Gesù lo ripetere pure alla samaritana in Gv 4: «Credimi, donna, è giunto il momento in cui né su questo monte, né in Gerusalemme adorerete il Padre. 22Voi adorate quel che non conoscete, noi adoriamo quello che conosciamo, perché la salvezza viene dai Giudei. 23Ma è giunto il momento, ed è questo, in cui i veri adoratori  adoreranno il Padre in spirito e verità; perché il  Padre cerca     tali adoratori. 24Dio è spirito, e quelli che lo adorano devono adorarlo in spirito   e verità».

Non sarà mai la religiosità a salvare, ma l’esperienza del divino in sé. (Jager). Ogni religione è un mezzo e mai un fine per l’unione con Dio. Neanche il cristianesimo. Neanche la Parola di Dio, i sacramenti, l’eucaristia, la confessione… Nulla è indispensabile per la comunione con Dio. Come fosse forte questa idea ascoltiamo dei passaggi dell’AT:

«Il Signore ti ha fatto dichiarare oggi che tu sarai il suo popolo particolare, come egli ti ha detto, ma solo se osserverai tutti i suoi comandi» (Dt 26,18)«Il Signore ti renderà popolo a lui consacrato, come ti ha giurato, se osserverai i comandi del Signore, tuo Dio, e camminerai nelle sue vie» (Dt 28, 9) (Sarebbe interessante leggere i passi delle benedizioni e maledizioni di Dt 28, 1ss.; Lv 26, 14).

Nazareth diviene così il luogo della fede, nel senso che non è più l’uomo il soggetto che deve “fare per”, chiamato ad ottemperare dettami divini, ma è il luogo della grande povertà, ossia lo spazio in cui un Altro agisce e compie proprio in virtù di tale povertà. Possiamo definire Nazareth come uno spazio di vuoto.

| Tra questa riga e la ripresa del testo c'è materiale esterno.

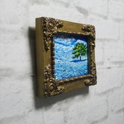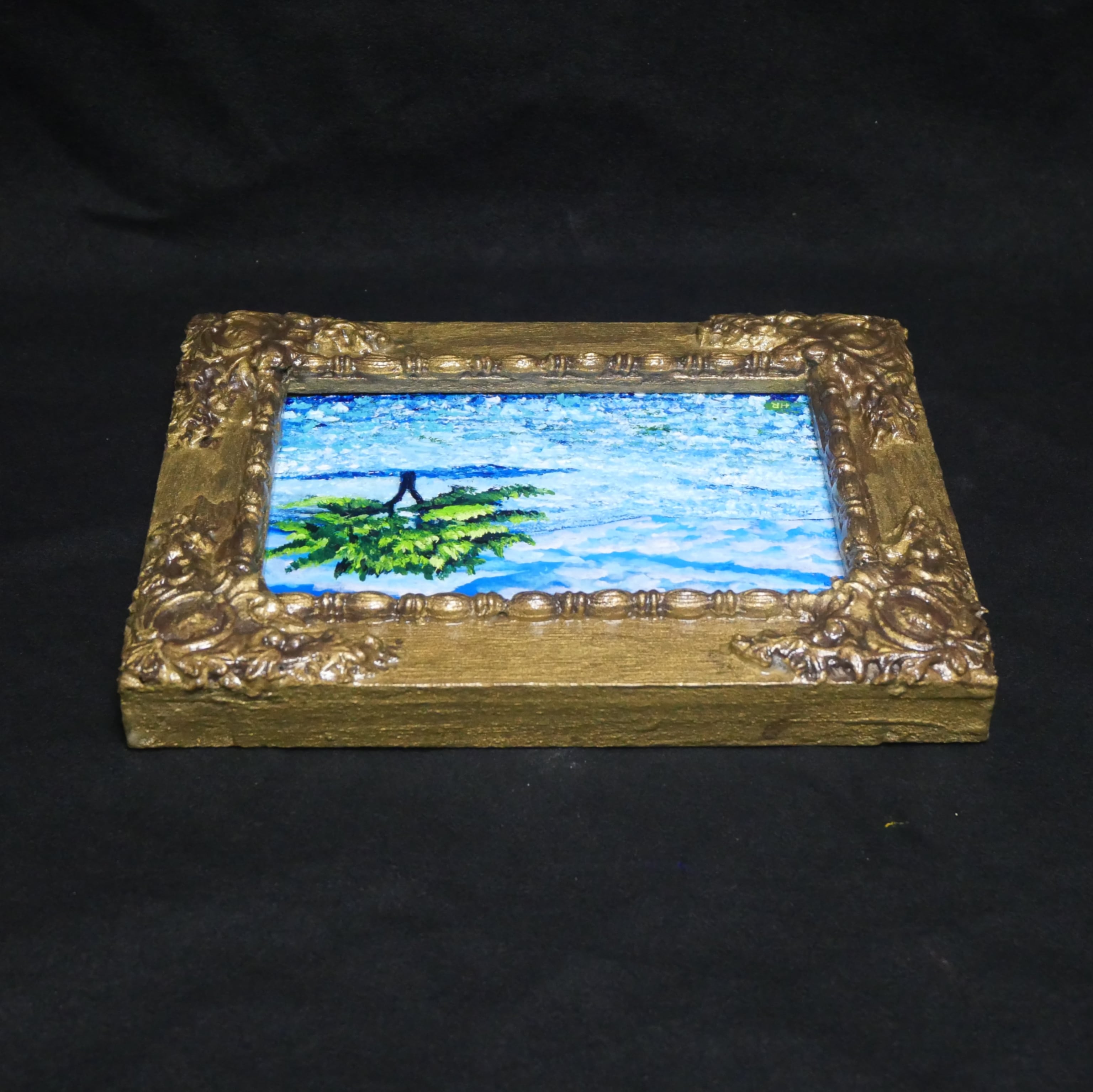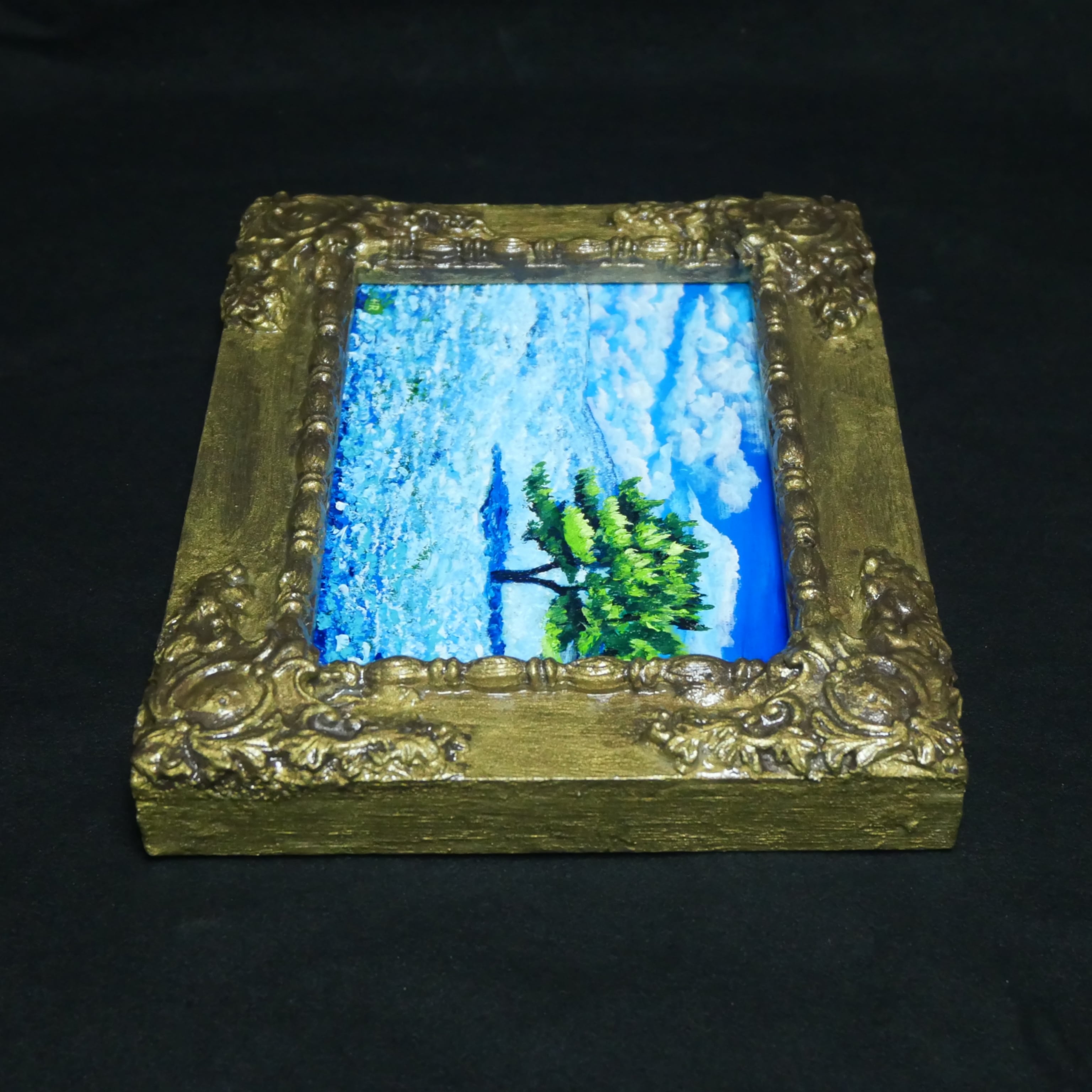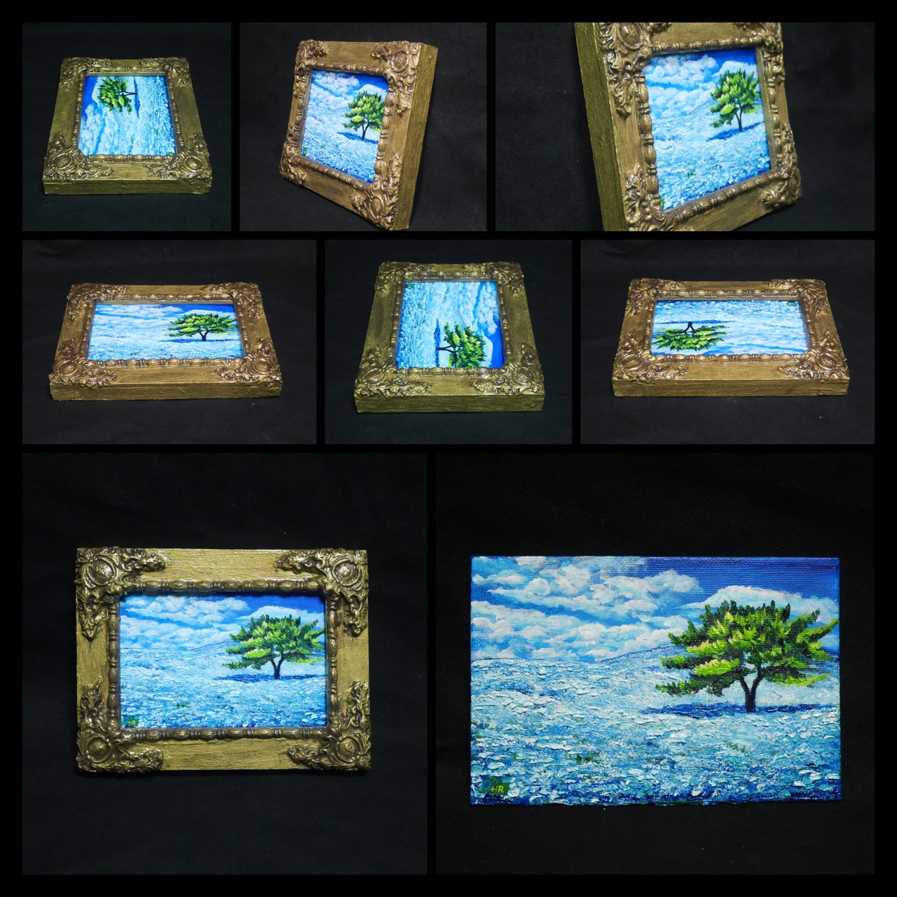 「ネモフィラの丘」は、国営ひたち海浜公園に広がる青いネモフィラ畑を描いた特別な油絵作品です。この美しい風景は、爽やかな青空と柔らかな雲、そして一面に広がる青いネモフィラ畑が調和し、見る人に癒しと心の安らぎをもたらします。右側には一本の木が優雅に佇み、自然の美しさを一層引き立てています。豪華なアンティークライトゴールドの額縁が、この作品にエレガントな雰囲気を添え、どんなインテリアにも調和します。

E ‘vuoto’ non è assenza di, ma un vasto oceano di energia gravida di possibilità, come il mistero   del sunyata (vacuità) nel Buddhismo (Boff- Hathaway).

Una volta che crolla tutto ciò cui ci si aggrappava per considerarsi vivi, tutto diventa possibile. Il vuoto è proprio questo spazio di non-presunzione per l’accadimento di Dio.

“La guerra più dura è la guerra contro se stessi, bisogna arrivare a disarmarsi.

Ho perseguito questa guerra per anni ed è stata terribile, ma ora sono disarmato, non ho più paura di niente perché l’amore scaccia il timore; sono disarmato della volontà di avere ragione, di giustificarmi squalificando gli altri.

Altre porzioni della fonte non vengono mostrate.